Pour l'Etat, vous voyez bien que les problèmes qui peuvent se poser à l'université, Corte dépendant de Bastia, sont communs aux deux préfets : je crois qu'il a été imprudent de faire deux départements. La décision était peut-être justifiée en matière d'aide sociale ou pour le secteur de l'équipement mais était complètement absurde en matière d'ordre public, d'où la création d'un préfet délégué pour la police. Au début, on a commencé par mettre un policier comme autorité de coordination, mais comme on s'est aperçu que les gendarmes méconnaissaient totalement et légitimement son autorité, on a alors opté pour un membre du corps préfectoral que l'on a essayé de choisir parmi les plus médiatiques. C'est ainsi que l'un des prédécesseurs de M. Chevènement a nommé M. Broussard - il est vrai qu'à l'époque les deux préfets ne s'occupaient pas beaucoup des questions dont il était chargé - puis on est tombé dans le système commun avec les oppositions que l'on constate entre le préfet de Bastia et celui d'Ajaccio et qui dépendent des moments et des rapports humains : un exemple en a été donné avec M. Bonnet et l'ancien préfet de Bastia, M. Pomel, que nous avons entendu. Dans ce genre de conflit, le préfet délégué tentait de répartir au mieux les forces de sécurité.
Du point de vue de l'efficacité judiciaire, sans doute l'institution ne sert-elle pas à grand-chose, mais du point de vue de la dépense publique, je crois qu'elle n'est tout de même pas tout à fait inutile et que tous les préfets délégués pour la police ont largement gagné leur traitement et celui de leurs collaborateurs !
M. le Rapporteur : Ma première question concerne le climat qui régnait au sein du corps préfectoral. Au moment où vous étiez en fonction, vous avez sans doute lu l'interview que M. Coëffé avait accordée au journal Le Monde qui avait interrogé, il y a quelques mois, l'ensemble des préfets en poste en Corse depuis la fin des années soixante-dix.
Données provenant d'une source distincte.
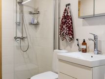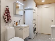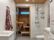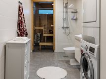- Pesutilojen kuvaus: Suihku, suihkuseinä, wc-istuin, pesukoneliitäntä, allaskaapisto, hana, peilikaappi, bidee-suihku ja lattialämmitys.
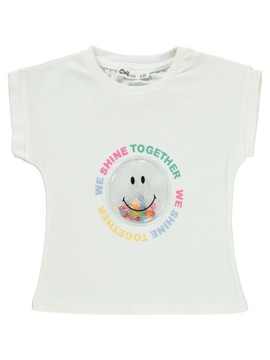Civil girls güneş baskılı 2-5 yaş tişört - ekru
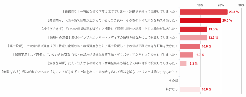 「【狼狽売り】一時的な価格下落に慌ててしまい、冷静さを失って売却した」が最も多く23.3%で、次いで「【高値掴み】人気が出て価格が上がっているときに買い、その後の下落で大きな損失を出した」が20.0%で僅差で続いた。
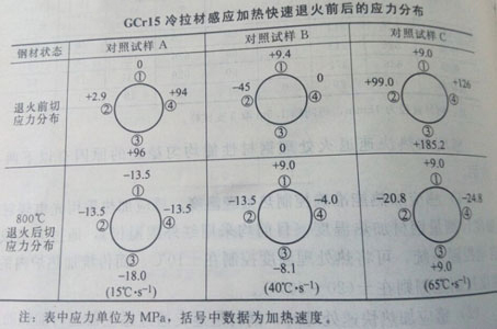 冷拉軸承鋼材采用高頻爐進行感應加熱快速退火熱處理,其內應力分布狀況如何呢?
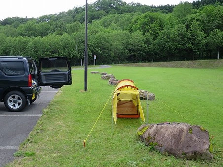 駐車場の後方にテントを張れます。サイトは段々になっており、とても綺麗に整備されています。私の他にキャンパーは僅か1組だけで、ゆったり気分です。
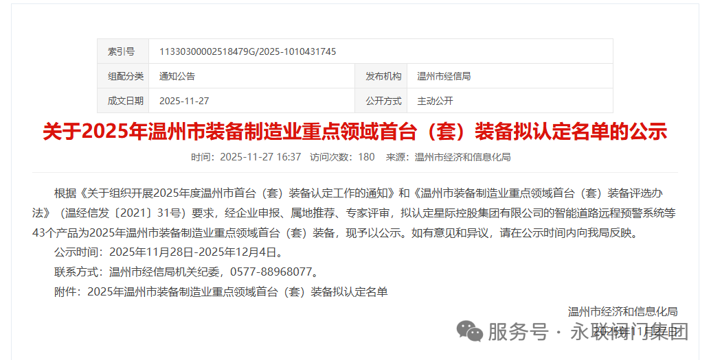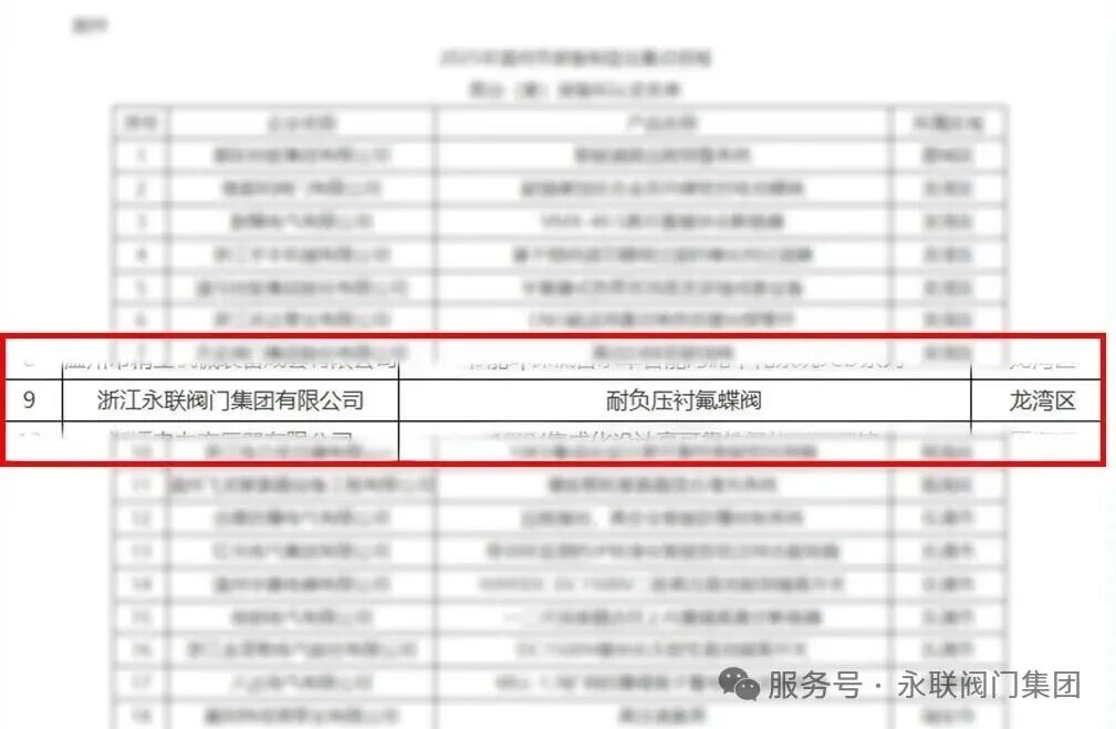 近日,温州市经济和信息化局对2025年度装备制造业重点领域首台(套)装备拟认定名单进行公示,共有43个创新产品入选,涵盖智能电气、高端阀门、新能源装备、环保设备等多个的创新产品成功入选。其中,浙江永联阀门集团有限公司凭借自主研发的DN2600大口径“耐负压衬氟蝶阀”强势突围荣耀上榜,成为高端阀门领域的亮眼标杆。
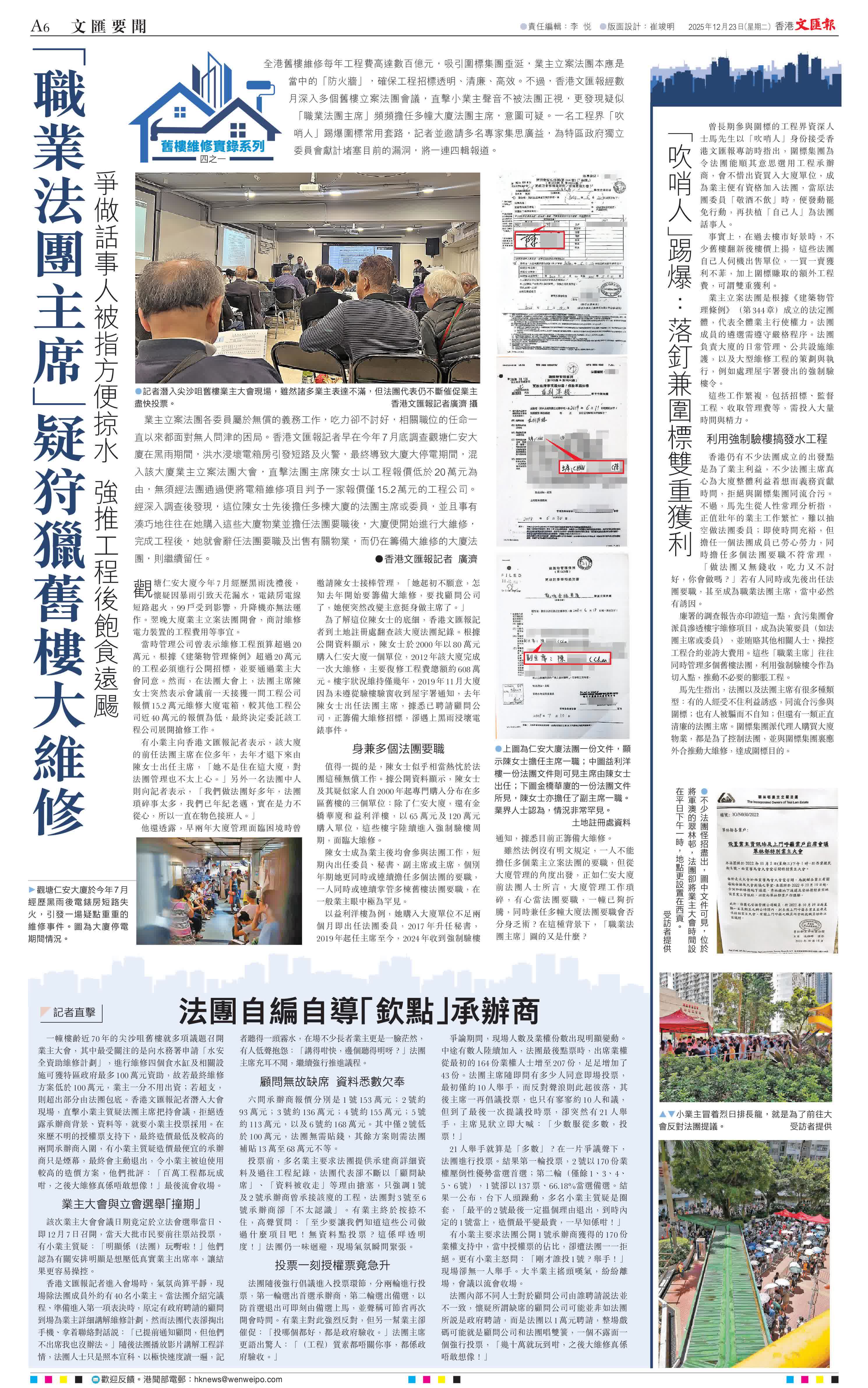 以益利洋樓為例,她購入大廈單位不足兩個月即出任法團委員,2017年升任秘書,2019年起任主席至今,2024年收到強制驗樓通知,據悉目前正籌備大維修。

Or, M. Coëffé montrait une certaine amertume en évoquant les négociations manifestement engagées qui le court-circuitaient et on sentait chez lui une grande démobilisation, dans la mesure où manifestement - en tout cas c'est ce qui est dit par M. Coëffé - le préfet n'avait pas toute l'autorité et toutes les compétences nécessaires à sa mission. Partagez-vous ce sentiment ?
Je souhaiterais par ailleurs connaître le diagnostic que vous portez sur les forces de sécurité en Corse, notamment sur le SRPJ puisque je crois savoir que vous étiez en poste au moment où M. Dragacci en était le responsable. M. Bruguière que nous venons d'auditionner, nous a dressé un état assez critique des forces de sécurité en Corse en déplorant leur porosité, leur manque de confidentialité, leur incapacité à mener les enquêtes de façon rigoureuses et notamment à conduire des procédures judiciaires correctes : est-ce que vous portez le même jugement sur la situation que vous avez rencontrée au moment où vous étiez en fonction ? 
M. Antoine GUERRIER de DUMAST : Vous avez parlé, monsieur le député, de " démobilisation " : je ne pense pas qu'il y avait, du moins durant la courte période où j'ai été en Corse, une démobilisation des forces de l'ordre. Il y a certainement eu des problèmes concernant des personnes qui avaient été arrêtées, ce qui prouve bien l'efficacité du dispositif malgré tout, et qui ont été relâchées, ce que les forces de police n'apprécient guère. Mais ce n'est pas une particularité corse : quand, sur le continent, des personnes sont déférées au procureur et que ce dernier les relâche, les forces de police sont également mécontentes. De là à dire qu'il y avait une démobilisation, je ne le pense pas.
Sur l'efficacité des forces de police et du SRPJ, je dirai que les forces de police sont ce qu'elles sont mais que, s'il y en avait eu beaucoup moins, les choses auraient sans doute été bien pires... Quoi qu'il en soit, personnellement, je n'ai jamais demandé au ministre une augmentation des forces mises à ma disposition, considérant qu'elles étaient déjà très importantes.
S'agissant du fonctionnement du SRPJ, il était à l'époque dirigé par le commissaire Mireille Ballestrazzi ; si elle cherchait à faire le maximum, il faut bien reconnaître qu'en matière d'attentats et de terrorisme, un SRPJ normal n'est sans doute pas suffisamment équipé ! Mireille Ballestrazzi est certainement un excellent commissaire de police et je pense qu'elle " faisait son boulot " tout à fait convenablement.
M. Jean MICHEL : Vous avez donc été prévenu de la réunion de Tralonca et vous avez dit aux forces de gendarmerie et de police de mettre - selon votre propre expression, je crois - " la pédale douce ". Mais ces forces ont recueilli des renseignements. En avez-vous fait part au procureur de la République et quelle suite a-t-elle été donnée ?
M. Antoine GUERRIER de DUMAST : Il y a eu des renseignements exploitables, tels que des numéros minéralogiques qui ont été relevés, mais, a priori, vous ne pouvez pas reprocher à quelqu'un de rouler sur une route si vous n'avez pas la preuve de sa destination...
M. Jean MICHEL : Alors, a quoi bon relever les numéros ?
M. Antoine GUERRIER de DUMAST : Cela permettait quand même aux services des renseignements généraux d'avoir des informations.
M. Jean-Michel GATEAUD : C'était à titre indicatif !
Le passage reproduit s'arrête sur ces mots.